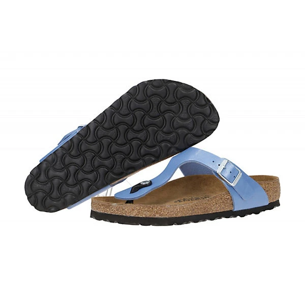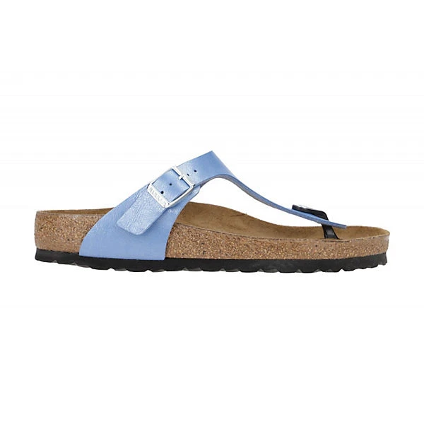 Hersteller: Birkenstock Hersteller Art-Nr.: 1021480 Modellname: GIZEH BS Machart: Damen Pantoletten – Zehentrenner Pantolette Farbe: hellblau + braun + Sohle in schwarz (graceful riviera blue) Obermaterial: Synthetik (Birko-Flor) Innenfutter: Textil Innensohle: Anatomisch geformtes Kork-Latex-Fußbett mit Lederbezug Wechselfußbett: nicht herausnehmbare Innensohle Laufsohle: EVA (Ethylenvinylacetat) – leicht und widerstandsfähig Verschluss: Schnalle Absatzart: flach – kein Absatz Schuhform: rund Größenhinweis: fällt normal aus Weitenangabe: Normale Weite / Regular Fit
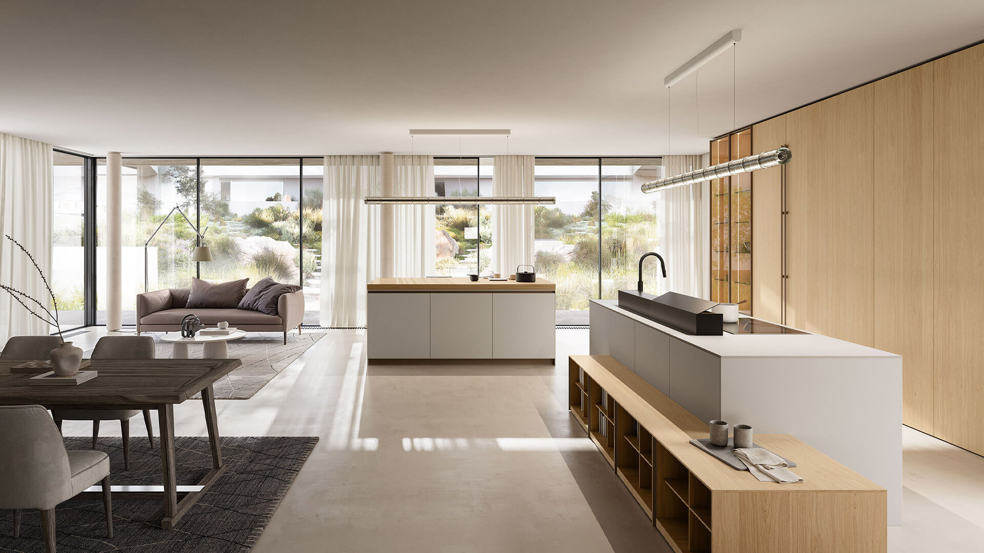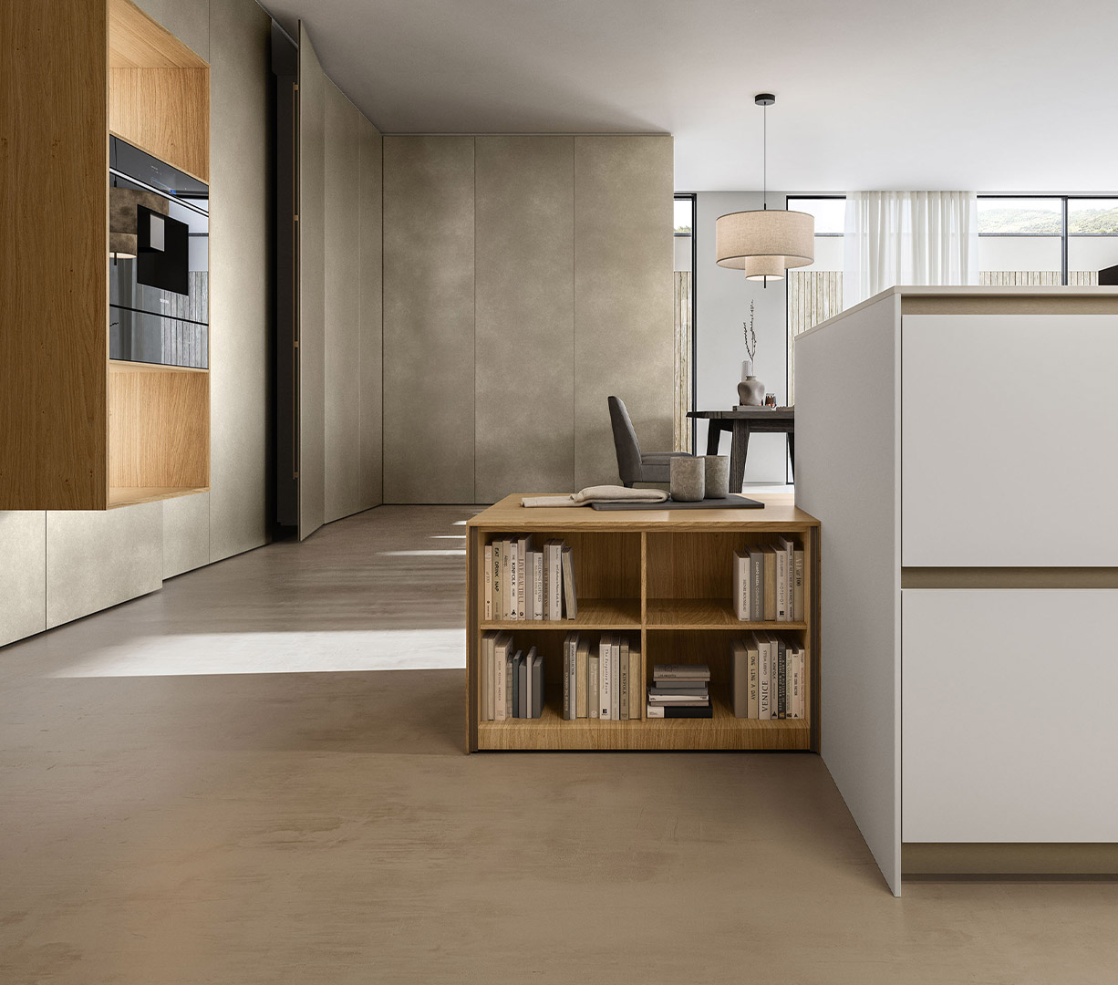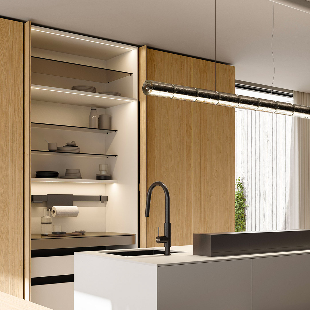 Island kitchen with White Ice Abitum top, 16 mm th. door in Neve satin lacquered finish. Pocket door tall unit with Preparation setup with 16 mm th. door in Oak Nordico finish and internal carcass in Neve satin lacquer finish.
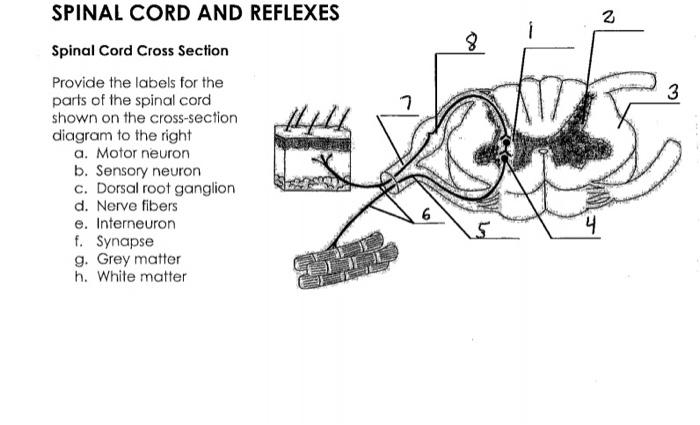 PDF Scanned Document - Bronx High School of Science SPINAL CORD AND REFLEX ACT Cross Section of Spinal Cord Label the following parts of a spinal cord on the cross-section diagram. Name a, b. c. Spinal Cord Anatomy - Parts and Spinal Cord Functions A spinal needle is inserted between two vertebrae at level L3/L4 or L4/L5, where there is no risk of accidental injury to the spinal cord (which ends at L1 to L2). Cross-Sectional Anatomy of Spinal Cord. The spinal cord, like the brain, consists of two kinds of nervous tissue called gray and white matter.

────

REQUIREMENT: A verbatim copy of the data, with all pictures omitted, is the required output.

REPLY:
 Hersteller: Birkenstock Hersteller Art-Nr.: 1021480 Modellname: GIZEH BS Machart: Damen Pantoletten – Zehentrenner Pantolette Farbe: hellblau + braun + Sohle in schwarz (graceful riviera blue) Obermaterial: Synthetik (Birko-Flor) Innenfutter: Textil Innensohle: Anatomisch geformtes Kork-Latex-Fußbett mit Lederbezug Wechselfußbett: nicht herausnehmbare Innensohle Laufsohle: EVA (Ethylenvinylacetat) – leicht und widerstandsfähig Verschluss: Schnalle Absatzart: flach – kein Absatz Schuhform: rund Größenhinweis: fällt normal aus Weitenangabe: Normale Weite / Regular Fit
 Island kitchen with White Ice Abitum top, 16 mm th. door in Neve satin lacquered finish. Pocket door tall unit with Preparation setup with 16 mm th. door in Oak Nordico finish and internal carcass in Neve satin lacquer finish.
 PDF Scanned Document - Bronx High School of Science SPINAL CORD AND REFLEX ACT Cross Section of Spinal Cord Label the following parts of a spinal cord on the cross-section diagram. Name a, b. c. Spinal Cord Anatomy - Parts and Spinal Cord Functions A spinal needle is inserted between two vertebrae at level L3/L4 or L4/L5, where there is no risk of accidental injury to the spinal cord (which ends at L1 to L2). Cross-Sectional Anatomy of Spinal Cord. The spinal cord, like the brain, consists of two kinds of nervous tissue called gray and white matter.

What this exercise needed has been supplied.